When I heard the news that my heart was not working exactly right, the breath, all of it, was taken out of my lungs.  My heart cried “What about my children? My husband?”  What about my purpose?

I called a friend on the way home.  I cried.  She let me.  Tears flowed like a raging river. My heart squeezed tight as I thought of the ‘what ifs’ and ‘how could this be-s’.  I called out to the Lord in praise, for we are brought closer in our afflictions.  I cried to her of the fear of not being present for my children.  She stopped me…she reminded me that the Lord has called me to be a wife and mother.  That’s it…my purpose is to care for the family the Lord has so beautifully gifted me.

I trust God.

I do not fear.  I am in His hands.  He knows the desires of my imperfect heart.  He knows how much my family needs me.  He is with me always.  I will not worry.  I will put my hope in the Lord.

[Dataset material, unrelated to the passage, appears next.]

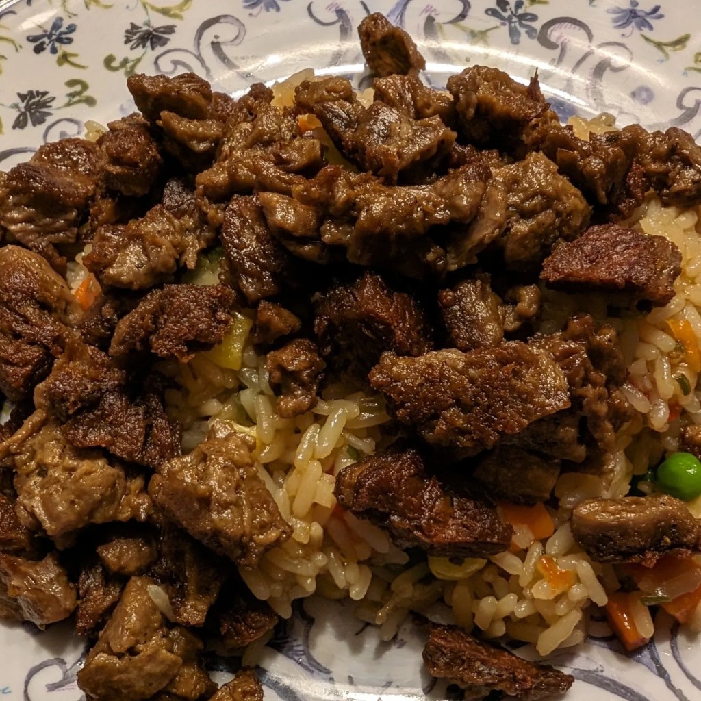 Dinner. December 3rd, 2023. Whole Foods veggie rice and Beyond Meat steak. Share this: Click to share on X (Opens in new window) X Click to share on Facebook (Opens in new window) Facebook Like Loading... Related

The God I serve is so much bigger than any heart issue, He is my HEART.  He gives me breath and life and LOVE.  I will pour into Him thanksgiving and praise.

Perhaps this ‘abnormality’ is simply a wakeup call to take better care of myself.  Maybe it’s to remember my purpose and to not take my family for granted.  Perhaps it is for me to meet people who do not already know the love of Christ.  I will be a messenger of His love and peace.  I will stand firm in His strength.  I will ask to be a beacon of HOPE to all who I encounter.  I will not be afraid; my strength comes from the Lord.

Dear Father,
You knew us before you created those beautiful starry hosts.  You knew the trials and triumphs we would face.  I seek to gaze upon Your face in the midst of uncertainty.  I will reach for Your hand and hold it tight as we go through this journey that will only draw me closer to You.  In Jesus’ mighty name, Amen.